Information supplied ▸
*-*-*

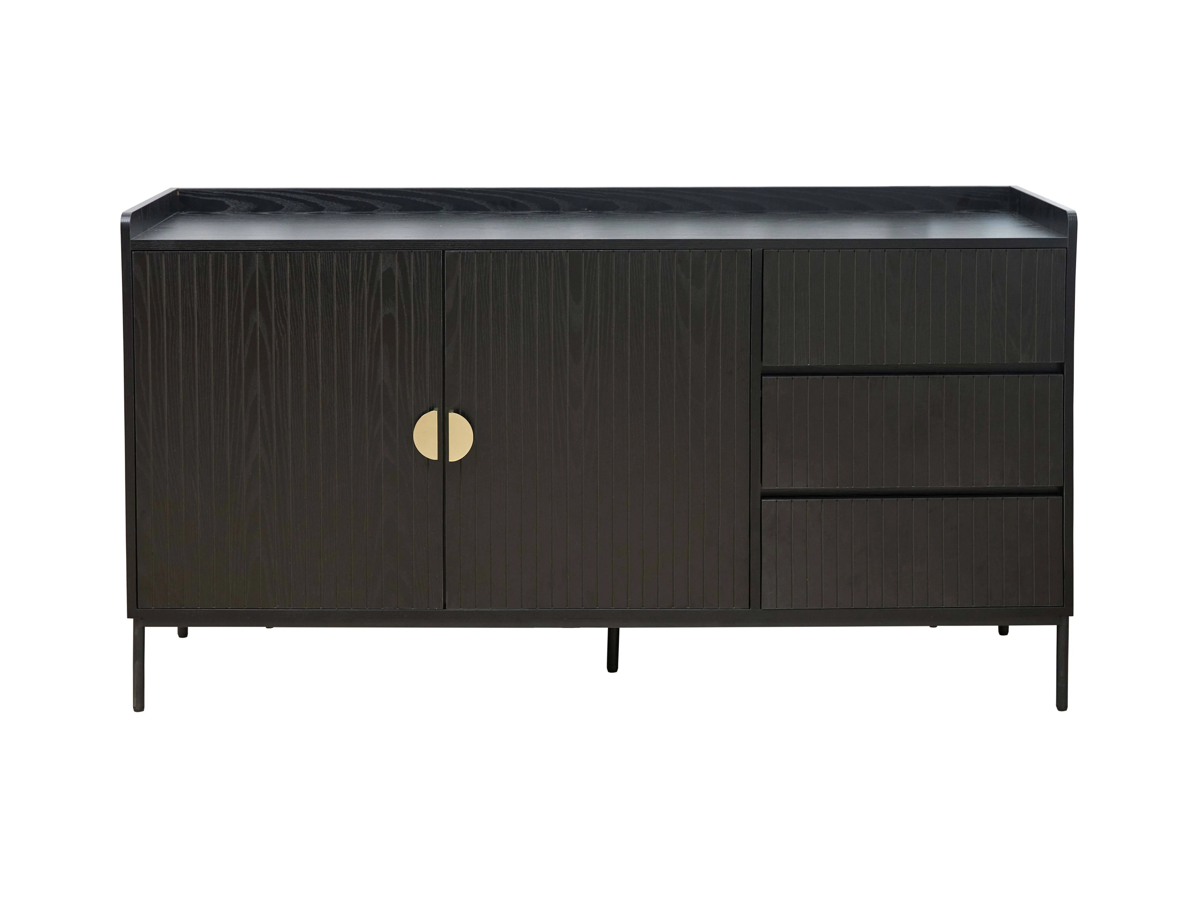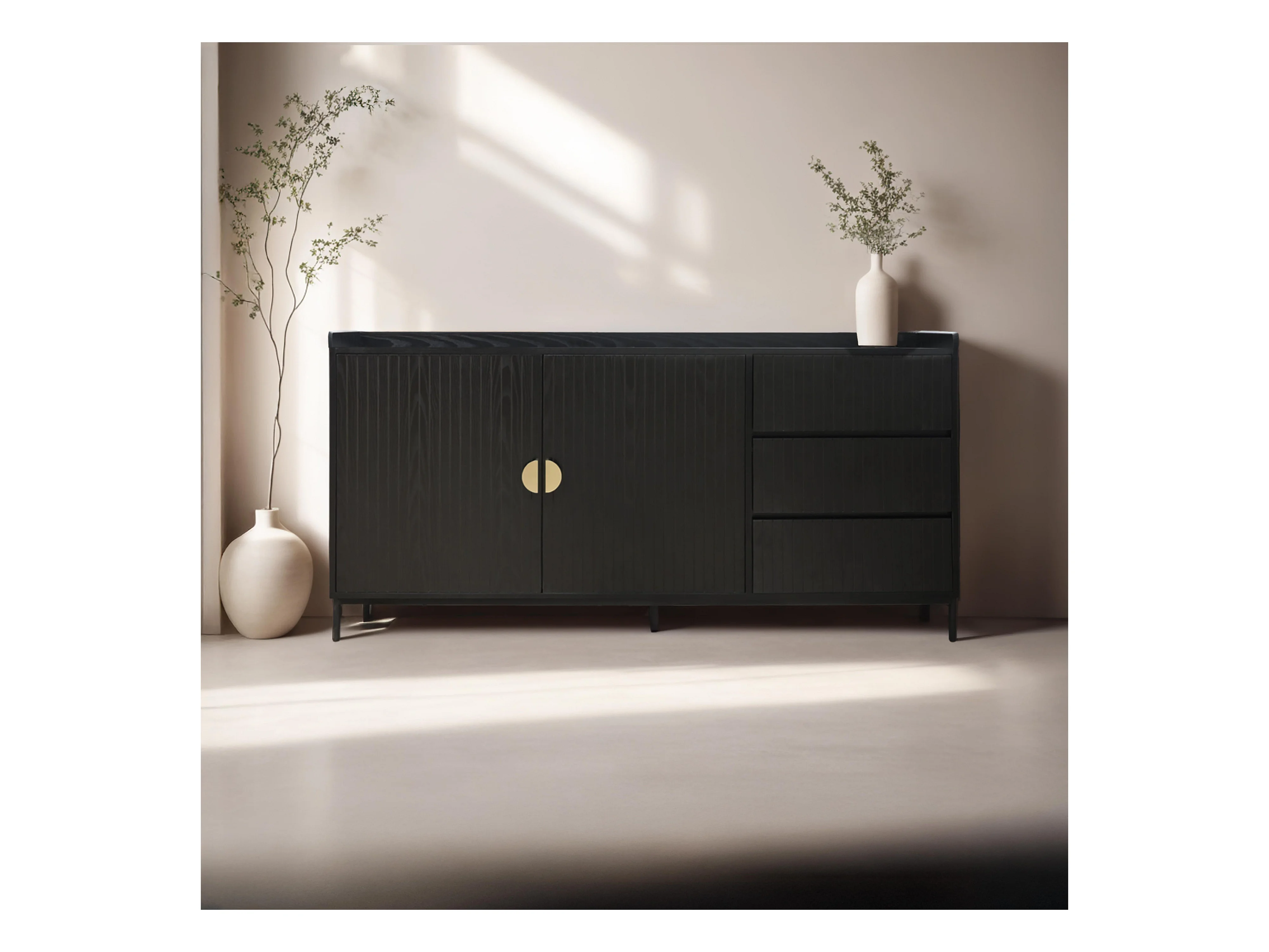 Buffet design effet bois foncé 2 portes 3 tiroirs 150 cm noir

*-*-*

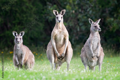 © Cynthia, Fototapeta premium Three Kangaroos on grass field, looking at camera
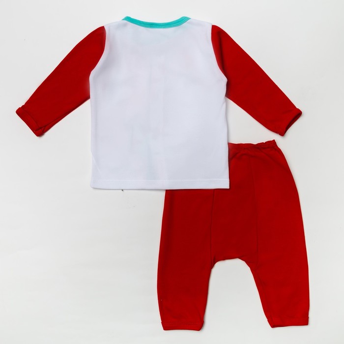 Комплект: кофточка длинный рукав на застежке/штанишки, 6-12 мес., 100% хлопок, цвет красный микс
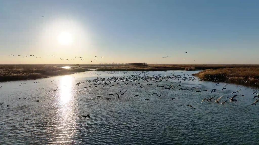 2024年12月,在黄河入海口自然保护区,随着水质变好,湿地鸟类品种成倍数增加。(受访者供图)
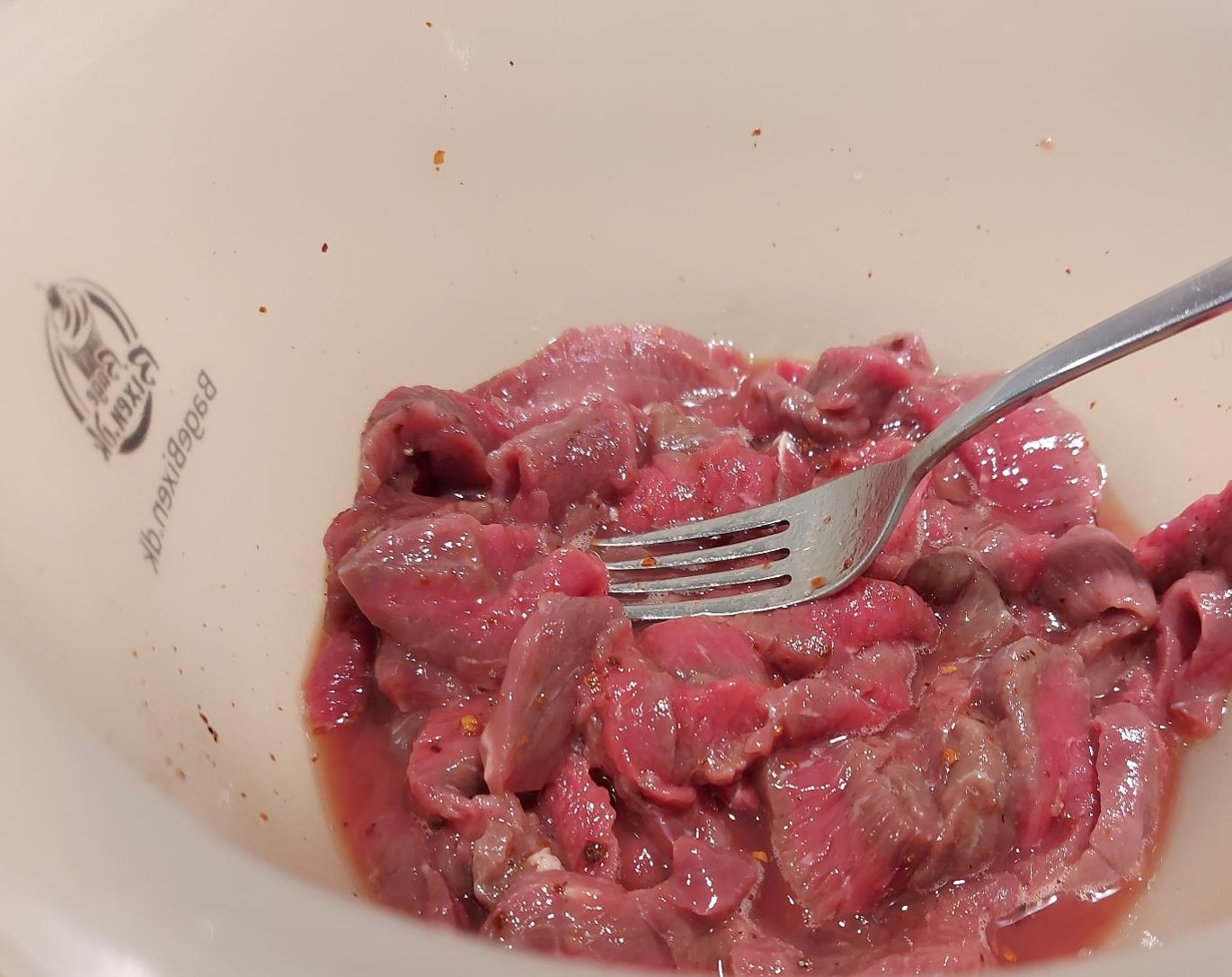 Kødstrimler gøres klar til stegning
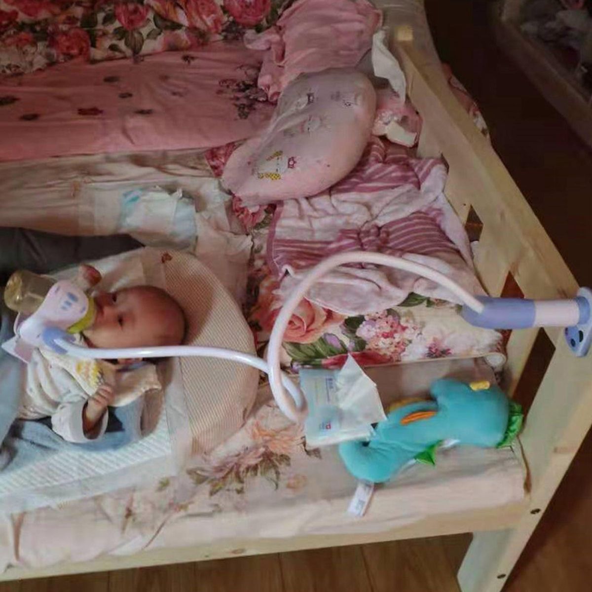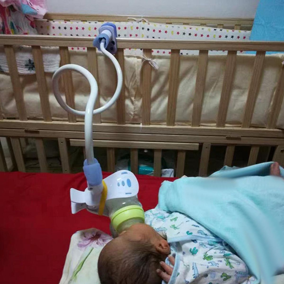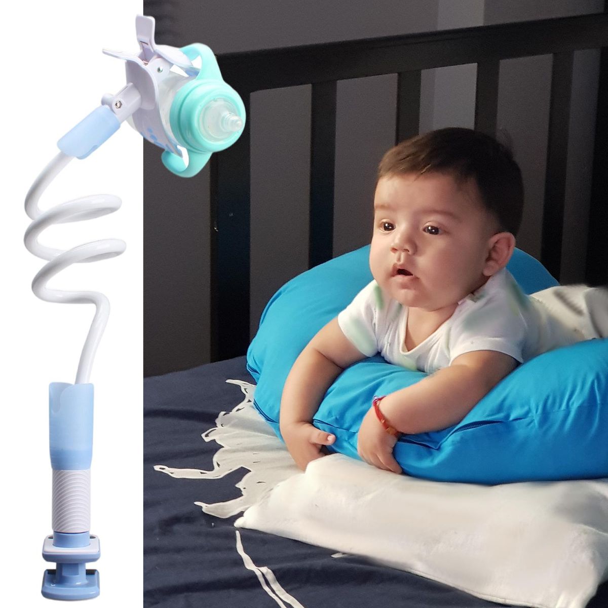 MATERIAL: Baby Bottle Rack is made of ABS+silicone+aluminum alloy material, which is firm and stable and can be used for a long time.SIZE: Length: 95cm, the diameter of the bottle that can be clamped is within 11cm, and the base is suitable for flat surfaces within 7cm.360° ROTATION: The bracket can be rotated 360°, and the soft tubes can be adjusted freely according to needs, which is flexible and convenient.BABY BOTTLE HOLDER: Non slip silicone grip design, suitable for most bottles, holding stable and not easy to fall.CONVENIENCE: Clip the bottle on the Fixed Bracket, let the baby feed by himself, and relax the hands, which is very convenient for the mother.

*-*-*

Your answer should be the lines above, word for word, from the line with "2024年12月,在黄河入海" through the line with "Kødstrimler gøres klar til stegning", minus the pictures.

Output for this task ▸
 2024年12月,在黄河入海口自然保护区,随着水质变好,湿地鸟类品种成倍数增加。(受访者供图)
 Kødstrimler gøres klar til stegning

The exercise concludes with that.